Questo blog oggi compie un anno. Di tutti i blog che ho creato, è il primo che raggiunge questo traguardo temporale. Forse per una sollecitazione amica, forse perchè grazie ai social-network è più facile avere riscontri. O forse perchè ho indovinato la skin giusta.

Come per i blog precedenti, anche questo ha avuto una spinta propulsiva iniziale e poi è andato declinando. Basta consultare l'archivio e contare i post per mese: sopra i venti da ottobre a dicembre 2011, sopra i dieci da gennaio ad aprile 2012, e poi poche unità da maggio ad oggi. Un declino che però stavolta non è stato sufficiente per spegnersi del tutto.

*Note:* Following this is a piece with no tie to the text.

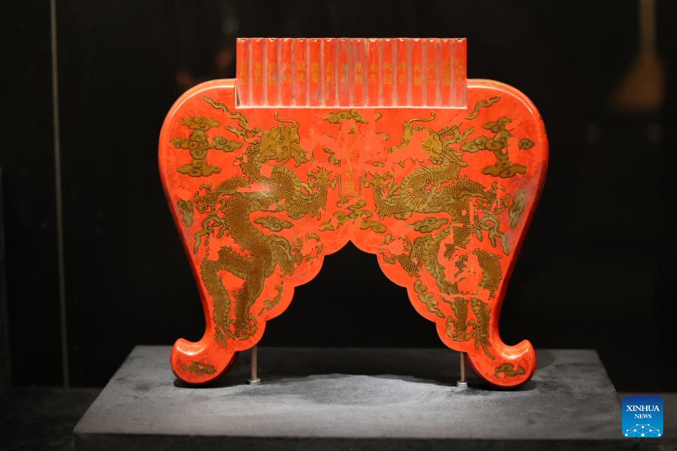 Foto tirada em 28 de setembro de 2025 mostra peças na exposição de instrumentos musicais chineses intitulada “O Som da Harmonia: Instrumentos Musicais na China Antiga”, em Riad, Arábia Saudita. O evento foi inaugurado na noite de domingo no Museu Nacional Saudita. A exposição apresenta mais de 100 peças e conjuntos de instrumentos musicais do Museu Nacional da China, incluindo flautas de ossos, conjuntos de sinos de bronze (Bianzhong), cítaras Guqin e flautas que traçam a evolução da música e da estética chinesas ao longo de milênios. (Xinhua/Wang Haizhou)

Credo che un blog declini per tre motivi. 1) Perchè nei primi tempi si dice gran parte di quello che si ha da dire. Poi ci si ripete soltanto. 2) Perchè strada facendo qualcuno ti legge e quando ti senti osservato, stai più attento a quello che dici. 3) Perchè è difficile esprimersi per bozze e pensieri immediati, dopo aver pubblicato i primi post strutturati. Come quando cammini con il passo più lungo, dopo un po' la gamba tende a irrigidirsi. Naturalmente, parlo solo per me.

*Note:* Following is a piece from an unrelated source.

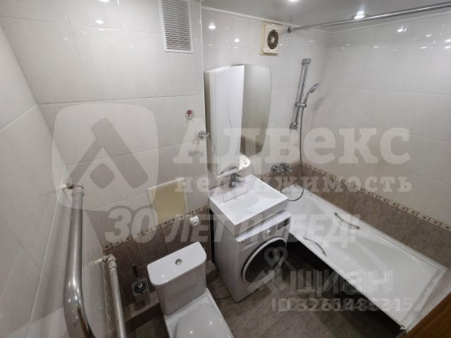 Санузел совмещенный, и здесь также есть все необходимое: остается надежная стиральная машина LG.

Questo blog dipende molto da quello che scrivo altrove. Su Metaforum, su Facebook. Sono anni che scrivo in rete, dal 1998 credo, esprimendomi in scambi diretti, polemiche, battibecchi e tutto finisce disperso. Poco male per il resto del mondo. Dato però che lo strumento c'è, fa poco male anche se tengo traccia dei miei modesti pensieri. Dice Gloria Steinem che troppo spesso non teniamo conto di ciò che scriviamo. Se lo dice lei che scrive libri, figurarsi uno che scrive su tanti foglietti virtuali sparsi per il web. Così qui capita che io scriva soprattutto estratti da altre conversazioni, a volte adattati a volte no, qualche volta poco comprensibili perchè davvero fuori contesto. Diceva Palmiro Togliatti che la miglior scuola di formazione politica è la redazione del verbale delle riunioni e lui redigeva personalmente i verbali delle riunioni della Direzione. Ecco, condurre un blog può essere in fondo come la redazione di un verbale delle voci che hai in testa, quelle che si formano nel confronto tra sè e gli altri o anche solo nel commento di un articolo di giornale.

In questo senso, il blog non ha una missione, non si propone uno scopo o una causa precisa e neanche di promuovere qualcuno o qualcosa. In questo anno il tema prevalente è stato il sessismo, insieme con la politica. Ma avrebbe potuto essere il razzismo, il pacifismo, il conflitto israelo-palestinese. Un tempo mi sarei appassionato di più ai partiti e ai leader della sinistra. Oggi solo leggere un articolo sulle primarie mi affatica. Il blog è titolato a me stesso, perchè non sono riuscito a individuare un titolo che non fosse pomposo o banale e navigando a vista non ho un tema da riassumere in un nome o una frase. Inoltre è così che si chiama la mia pagina su Facebook.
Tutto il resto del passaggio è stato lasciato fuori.